Recently at an entrepreneur camp for high school students, I worked with several teams in preparing a 3 minute pitch to sell their inventions and innovations to a panel of professionals.  My focus was to help these young entrepreneurs identify their business and product strengths so they could convincingly sell us on their idea in a very short amount of time — much like the real world.

I shared my experience in managing sales teams and evaluating investor presentations about what works and what does not work in pitching.  I let them know that even the most seasoned professionals can mistakenly focus on the “hot” features without direct alignment to what makes you stand out against your competition.

My lesson, you must compete for mind share before you get market share. Whether selling your idea, your services, your business or just you, always use your valuable marketing resources to promote what makes you better than the rest — your strengths!

Have you identified your market strengths?  Recently? And once you found your strengths, have you effectively managed and built them up in your marketing?

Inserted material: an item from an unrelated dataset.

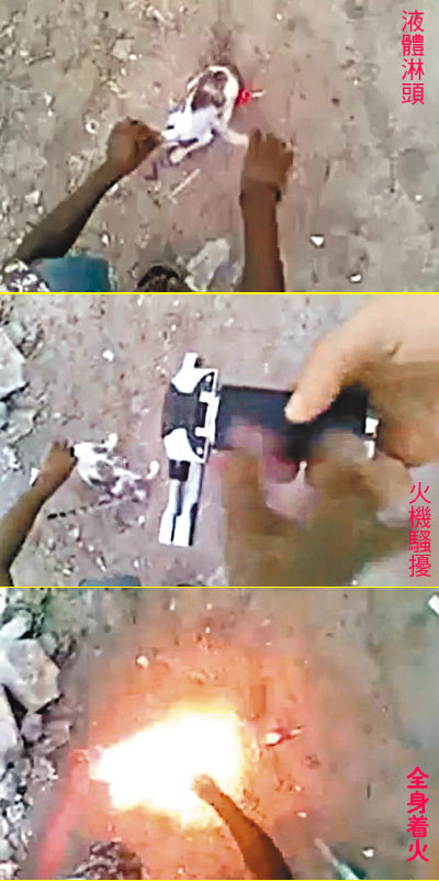 這段30秒短片由一名伊拉克巴格達用戶上載,顯示暴徒在荒地提起小貓,向其背部淋汽油,另一人遞上打火機給他點火。小貓瞬間慘變火球,並衝入一堆樹葉,叫聲愈來愈弱。男子不僅未收手,還笑著追去。 ■《星期日鏡報》

The easiest tool to define your strengths is the simple risk assessment that every marketing plan must include — SWOT Analysis.  No matter the size of your business, you must know your Strengths, Weaknesses, Opportunities and Threats.  

Complete a SWOT Analysis to Find Your Strengths

If you have already completed a SWOT analysis on your company, product or service, dust it off and review it today.  Is it still accurate?  Hopefully you have evolved!  Your strengths are not set in stone.  They are dynamic based on competition, economics, innovation, market growth or decline and shifting attitudes toward your business and products from consumers and employees.

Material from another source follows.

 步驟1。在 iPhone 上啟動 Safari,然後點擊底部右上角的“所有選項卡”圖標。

If you have not completed a SWOT Analysis, take out a piece of paper now. Draw four boxes and label them: strengths, weaknesses, opportunities and threats.  In each box, list out what you currently say, believe or understand as your strengths and your weaknesses, the opportunities you see where you can grow and threats in your business to achieving your goals.

This initial SWOT Analysis is meant to be quick; however, a thorough strategic marketing plan will take more time and resources for a complete evaluation.  You will ultimately want an assessment that has multiple inputs including employees, executives, vendors, partners and current, potential and lost customers.

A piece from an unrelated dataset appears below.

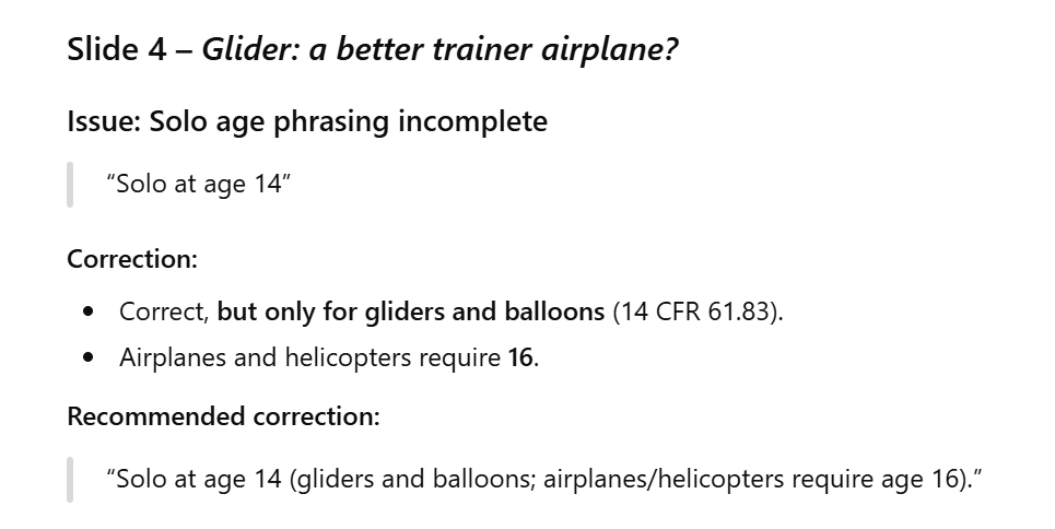 ChatGPT fails to use the title as context for the slide and, therefore, says that “solo at age 14” needs to be qualified to gliders only.

A SWOT analysis is useful to make sure you are current with messaging on how you are perceived and understood in the market place.  It is a business planning tool that should be evaluated quarterly to make sure market opportunities are seized and threats are assessed and mitigated.

The next step is to audit your current marketing programs and communications to see how effective you are in defining your strengths.  Are you placing all your strengths on the first page, first paragraph, above the fold and in your elevator pitch?  Review your marketing tactics to see how well you represent your strengths. Start your assessment with:

1.  Branding – Do you clearly communicate and represent your strengths in the essence of your brand and your identity?

2.  Communications – Do you detail your strengths in all your marketing communications, including sales presentations, collateral and on your web site?

3.  Sales – Can your sales representatives and customer-facing employees recite your top five strengths?  Where are they detailed in your standard sales presentation?

4.  Public and Analyst Relations – Does your boiler “About Us” include your marketing strengths?  Are you able to weave your strengths into every new release?

5.  Social Media – How often do you remind your fans and followers about your strengths?  Are they listed in your social profiles?  How many weekly posts include mention of your strengths?

In order to create demand and achieve anticipated growth, you need to market to your strengths. Make sure you are consistent, clear and current in your messaging and get the word out why you are better than all the rest.